The Tories cut the PromArt funding stream, which subsidizes international promotional tours of Canadian artists, with one spokesman saying the groups getting the money were not ones the government believes should be representing Canada.
The prime minister's press secretary, Kory Ten-nike, said "the [funding] choices made were inappropriate … because they were ideological in some cases, or the money was going to fringe arts groups that, in many cases, would be at best, unrepresentative, and at worst, offensive."
Among the examples cited by Anne Howland, a spokesperson for Foreign Affairs Minister David Emerson — the Toronto indie band Holy F---, which got money in 2007 to help with a tour of the U.K.
Bass player Matt McQuaid said it's "silly" for the Tories to lay the blame on the band.
"I guess more than anything it's a little bit annoying that we've been made the scapegoat when you consider how much money we receive relative to the budget for the entire program," McQuaid said.
The program costs about $4.7 million a year and supports hundreds of different arts groups, from ballet and theatre companies performing overseas to author readings out of country.
"I think our funding comes in at something less than 0.1 per cent of the whole program," McQuaid told the Q cultural affairs show on Tuesday.
"So all of these other larger groups who need money more than we do to travel abroad — like ballet and symphonies — we become the scapegoat for the cutting in their funding."

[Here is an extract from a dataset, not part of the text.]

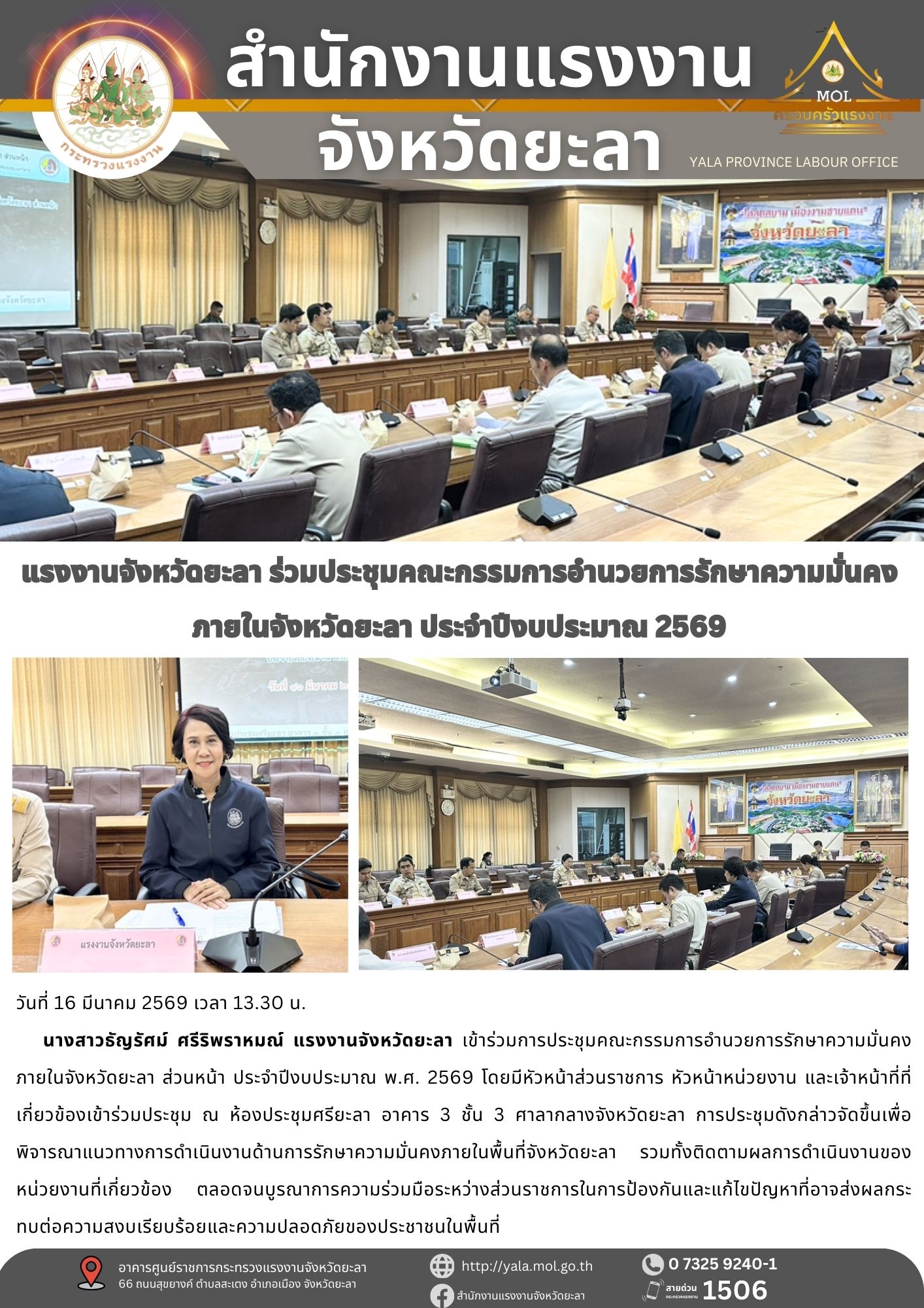 แรงงานจังหวัดยะลา ร่วมประชุมคณะกรรมการอำนวยการรักษาความมั่นคง ภายในจังหวัดยะลา ประจำปีงบประมาณ 2569

Nontheless, Holy F--- is on a tour of Germany right now, paying their own way as they have been able to all year — because their growing popularity and an album deal with a record label in the U.K.

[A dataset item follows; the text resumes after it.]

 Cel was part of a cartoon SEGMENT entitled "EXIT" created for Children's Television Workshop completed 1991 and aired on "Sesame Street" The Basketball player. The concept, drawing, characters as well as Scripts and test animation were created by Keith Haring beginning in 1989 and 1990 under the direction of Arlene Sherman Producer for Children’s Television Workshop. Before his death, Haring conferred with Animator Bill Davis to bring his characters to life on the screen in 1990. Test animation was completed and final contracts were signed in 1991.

McQuaid says he realizes the band's name makes it an easy target, but still shouldn't be held up as an example of a way Canadians would not want their money spent.

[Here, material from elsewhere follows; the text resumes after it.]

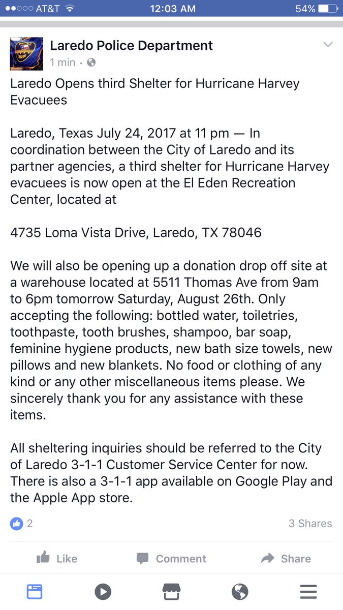 Laredo has a new shelter open if needed.

He can't understand the arguments being made by supporters of the cuts that arts groups who need support are not "mainstream" enough. The band was shortlisted this year for the $20,000 Polaris prize.
"We've been nominated for a Juno award — that's as mainstream as you get for popular music in Canada," he said, pointing out that the band's videos appear on MTV and MuchMusic. "That argument falls flat in our case and from what I've read … for a lot of other people as well."
But he says other musicians and ballet troupes and authors and filmmakers sometimes need help to start out.
"All the funding programs, including FACTOR and the Canada Council and they just help to bolster Canadian artists as they're achieving their goals — whether it be music or whatever they do. A lot of times people are doing things that are valuable and meaningful but not necessarily commercially viable."
The PromArt program will wind down by March 31, 2009. A second program, the $9-million Trade Routes program, which helps promote cultural exports abroad, also is to be cut.